Infants and Children With Sickle Cell Disease

4 min read

Reviewed by: HU Medical Review Board | Last reviewed: November 2022 | Last updated: December 2022

Sickle cell disease (SCD) is a lifelong inherited condition that affects red blood cells. Normally, red blood cells are round and flexible, so they can pass easily through blood vessels.¹

When a child inherits SCD, their body makes C-shaped, or sickle-shaped, red blood cells that are stiff. These misshapen red blood cells can cause many complications and even death when they get stuck in blood vessels. However, early diagnosis and treatment can help prevent infections and other health problems in children with SCD.¹

How does a child get sickle cell disease?

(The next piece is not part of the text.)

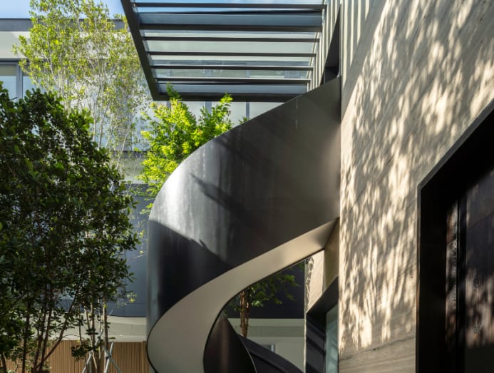 "The screw staircase is a sculptural feature forming role of the garden scene," shared Kee. At night, the staircase's underside is a glowing ribbon of white. Lit with LED strips, its curves are amplified in the darkness.

Sickle cell disease occurs when a baby inherits 2 sickle cell genes – 1 from each parent. People who inherit only 1 gene are said to be carriers of sickle cell trait. People with sickle cell trait often have no symptoms.^2,3

However, if 2 people with sickle cell trait have a baby, there is a 1 in 4 chance (25 percent) that baby will have full-blown sickle cell disease. There is a 1 in 2 chance (50 percent) the baby will carry sickle cell trait like their parents.^2,3

How common is sickle cell disease?

In the United States, SCD is most common in children whose parents are Black or of African or Caribbean descent. It also occurs in children whose parents are Hispanic, Middle Eastern, Asian Indian, or southern European. In the United States:^1,4

About 1 in 13 Black babies are born with sickle cell trait (have 1 sickle cell gene).
About 1 in 365 Black babies are born with sickle cell disease (have 2 sickle cell genes).
About 100,000 adults and children are living with sickle cell disease.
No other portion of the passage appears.